パックの奥から現れた内大臣の素顔。日焼けした漆黒の肌に黒い髪、額に刻み込まれた入れ墨は、彼が異国の奴隷身分出身であることを示していた。少なくともローラント王族ではない。
「少年の頃に奪った貴様の顔型を、熟成枕で成長させるのは手間だった。もちろんこの真作のリボンを併用してのことだが」
美魔女のパックを熟成枕で成長させ、何年も同一人物になりすましていたのか。確かに真作のリボンを併用すれば不可能ではないが、考えもしなかった。

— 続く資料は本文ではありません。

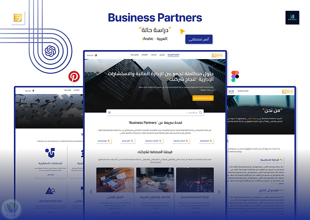 قمت بتصميم موقع إلكتروني احترافي لشركة Business Partners المتخصصة في الاستشارات والخدمات المالية والإدارية، وذلك ضمن عملي كمصمم UI/UX في شركة ByteForce.
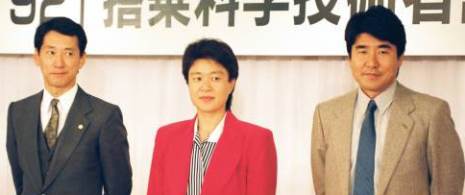 Mamoru Mohri (L) Chiaki Mukai (C) and Takao Doi (R)
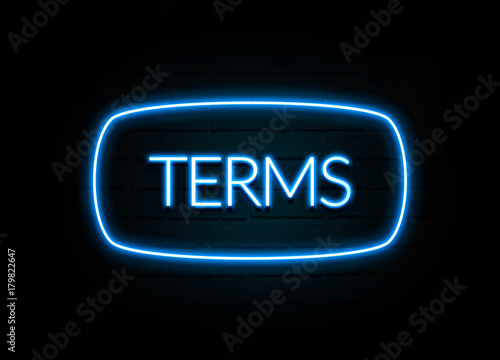 Terms - colorful Neon Sign on brickwall

「どうしたアイテム商? 複数のアイテムを上手く使いこなせるのは、自分だけだとでもうぬぼれていたのか?」
俺が唯一優っていると信じていた長所を否定するような、奴の勝ち誇った声が響く。
「──貴様、何者だ?」
俺が発した言葉に、奴はおよそ人がなしえないほどの邪悪な笑みを浮かべると、我が意を得たりとばかりに自身の素性を高らかに宣言した。
「我こそは、〝怪盗ドレットノート〟。記憶も能力も、国すら奪う大怪盗!」
──こいつが怪盗ドレットノートだと!? まさか、そんな──
七年前に姿を消した伝説の大怪盗ドレットノート、それがこいつだと!?
「そしてお前こそ、かつて天にとどくと予言されし王太子レオニード。今はその残りカスだがな」
「──俺が、レオニード……」
欠けた記憶の最後にして最大のピースが、この男の言葉ではまる。
本能が告げていた。何者かに盗まれ、それでもわずかに残っていた少年時代の記憶の断片たちが、全力で訴えかける。間違いない、俺はレオニードであると。
そうだ、こいつは俺から全てを奪い、獣化の呪いまでかけて追放した敵。
俺の目的と憎悪、絶望と希望の全てが、一本の線の元につながり、その先にこの男がいた。
──ようやく〝敵〟が見えた──
王位を狙う簒奪者にして、俺から全てを奪った男。なによりレイナを悲しませる存在。
もはや交わす言葉などない。全身の血流が逆流するような衝動に突き動かされるように、俺は全力で目の前の〝敵〟を討ち果たすために駆けだした。